Installing Visual Studio

At the heart of ML.NET development is Microsoft Visual Studio. For all samples and screenshots used throughout this book, Microsoft Visual Studio 2019 Professional on Windows 10 19H2 will be used. At the time of writing, 16.3.0 is the latest version. Please use the latest version available. If you do not have Visual Studio 2019, a fully featured Community version is available for free on www.visualstudio.com.

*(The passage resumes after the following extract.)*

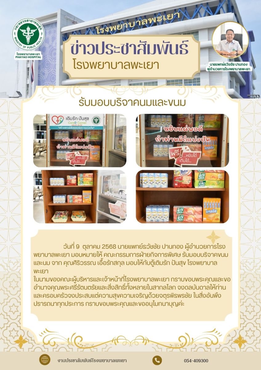 วันที่ 9 ตุลาคม 2568 นายแพทย์ธวัชชัย ปานทอง ผู้อำนวยการโรงพยาบาลพะเยา มอบหมายให้ คณะกรรมการฝ่ายกิจการพิเศษ รับมอบบริจาคขนมและนม จาก คุณศิริวรรณ เอื้อรักสกุล มอบให้กับตู้เติมรัก ปันสุข โรงพยาบาลพะเยา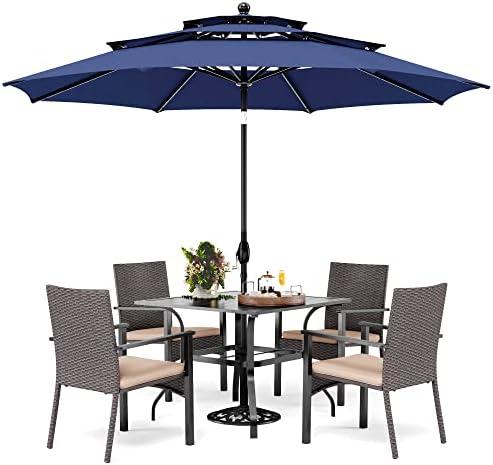 There are several notable advantages to this outdoor dining set. The weather-resistant materials and easy-to-clean surfaces make maintenance manageable, and the rugged construction ensures long-lasting use. Additionally, the 10ft patio umbrella offers ample shade and is designed with a convenient crank mechanism for easy operation. However, one downside to consider is that the umbrella base is not included, so it must be purchased separately. Also, users might find the assembly process slightly time-consuming, although all necessary parts are included in the package.

For the scope of this book as mentioned in Chapter 1, Getting Started with Machine Learning and ML.NET, we will be creating a wide range of application types to demonstrate ML.NET in various problem areas on specific application platforms. Hence, we are going to install several of the available workloads upfront to avoid having to return to the installer in later chapters:

  1. Firstly, ensure that .NET desktop developmentUniversal Windows Platform Development, and ASP.NET and web development are checked. These workloads will enable you to create UWP, WPF, and ASP.NET applications that we will be using in later chapters:

  1.  In addition, ensure that .NET Core cross-platform development is also checked. This will enable .NET Core development for both command-line and desktop apps, such as the app we will be making later in this chapter:

Installing .NET Core 3

As mentioned in Chapter 1, Getting Started with Machine Learning and ML.NET, .NET Core 3 is the preferred .NET framework at the time of writing when targeting multiple platforms, due to the optimization work achieved during the development of .NET Core 3. At the time of writing .NET Core 3 is not bundled with the Visual Studio Installer prior to version 16.3.0 and needs to be downloaded separately here: https://dotnet.microsoft.com/download/dotnet-core/3.0. The download specifically used through the scope of this book is version 3.0.100, but a newer version may be available by the time you are reading this. For those readers who are curious, the runtime is bundled with the SDK.

You can verify that the installation was successful by opening a PowerShell or Command Prompt and executing the following command:

dotnet --version
3.0.100

The output should begin with 3, as shown here. At the time of writing, 3.0.100 is the latest production version available.

Be sure to install both 32-bit and 64-bit versions to avoid issues when targeting 32-bit and 64-bit platforms later on in this book and your future experiments.

Creating a process

Over the course of this book and your own explorations, you will gather sample data, build models, and try various applications. Establishing a process early on to keep these elements organized will make things easier in the long run. Here are a few suggestions to keep in mind:

  • Always use source control for all of your code.
  • Ensure that test and training sets are named properly in their own folders (versioned if possible).
  • Versioning models with both naming and source control.
  • Retain evaluation metrics in a spreadsheet along with the parameters used.

As you develop your skillset and create more complex problems, additional tooling such as Apache Spark or other clustering platforms will more than likely be required. We will discuss this in Chapter 11, Training and Building Production Models, along with other suggestions on training at scale.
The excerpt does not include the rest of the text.